Workflow with Continuations
- Designation: Tools that require human approval are explicitly designated [00:12:37].
- Suspension: If an agent reaches a designated suspension point (e.g., needing human approval or another condition), it suspends execution [00:13:16] [00:15:12].
- Continuation Object Creation: A continuation object is created, encapsulating the agent’s current state.
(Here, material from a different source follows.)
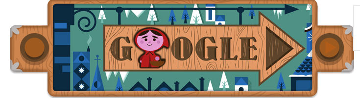 Red Riding Hood made it onto Google today! I admit, I love Google doodles. For the 200th Anniversary of Grimm’s Fairy Tales, Google has a moving storybook of the tale of Red Riding Hood. Though this version is not quite as “Grimm” as I remember the tale–I’ve heard variations where the wolf was not only caught by the huntsmen, but then killed, or in one gruesome version, the wolf’s stomach was filled with stones in place of Red and Grandma and he was allowed to die slowly and horribly.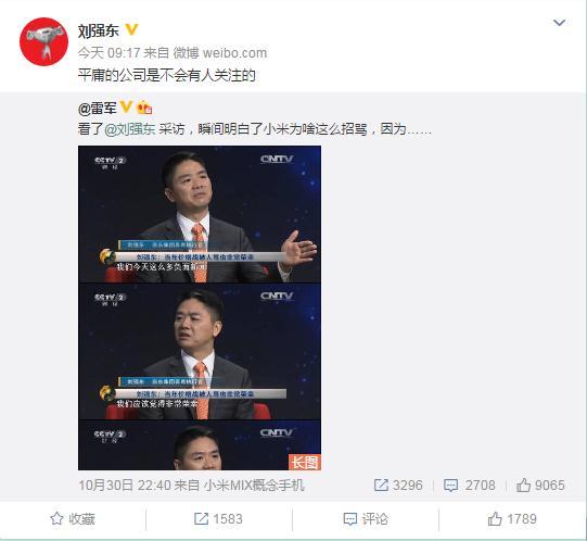 10月30日,雷军在微博上发布了刘强东在央视的采访,称终于找到小米招骂的原因。而今天,刘强东转发了此微博,并称平庸的公司是不会有人关注的。这样看来,两位企业大佬真可谓“惺惺相惜”。

This object propagates back to the top-level agent, extracting core information for the application layer [00:15:19] [00:16:07] [00:21:03].
- Application Layer Interaction: The application layer receives the continuation object, inspects its metadata (e.g., reason for suspension), and presents it to the user for input or approval [00:13:24] [00:22:52].
- Resumption: Once the application layer updates the continuation object (e.g., with human approval), it sends the object back to the agent [00:14:06] [00:16:26]. The agent framework then uses the logic within the continuation object to reconstruct the agent’s state and resume execution from the point of suspension [00:14:12] [00:16:34].
Benefits of Agent Continuations
- Decoupled Agent Loops: A key benefit is that once a continuation object is created, the agent loops do not need to keep running [00:16:54]. They can be fully shut down, as the continuation object captures enough information to restart everything back to where it was [00:17:02]. This addresses the challenge of agent loop persistence and resource management [00:07:49].
- Seamless Human-in-the-Loop: Enables effective and natural integration of human approval steps for high-stakes actions within complex agent workflows [00:01:26] [00:13:51].
- Enhanced Failure Resilience: Allows for checkpointing of agent state, meaning that if an agent encounters a failure, it can be resumed from the last saved state rather than restarting from the beginning, preventing loss of work [00:02:24] [00:05:42].
- Support for Complex Agent Architectures: The recursive nature of the continuation object natively supports multi-level agents and nested sub-agents, making it applicable to sophisticated multiagent systems [00:18:29].
- General Agent Suspension: Beyond human approval, the mechanism can be extended to support arbitrary suspension points, such as after a certain amount of time, a specific number of turns, or for asynchronous requests [00:24:29].
Prototype and Future Directions
A prototype implementation has been built on top of the OpenAI Python API, with no other dependencies [00:24:12]. The aim is not to develop a new, separate agent framework but to extend existing frameworks like LangChain or PyDantic AI to incorporate this functionality [00:24:50].
While other frameworks offer forms of state management, agent continuations are considered novel because they combine both a human approval mechanism and arbitrary nesting of complex agent states [00:25:03] [00:25:36]. This work emerged from Snaplogic’s Agent Creator research group, where continuations were prototyped in both Python and the visual agent building interface [00:19:48] [00:25:48].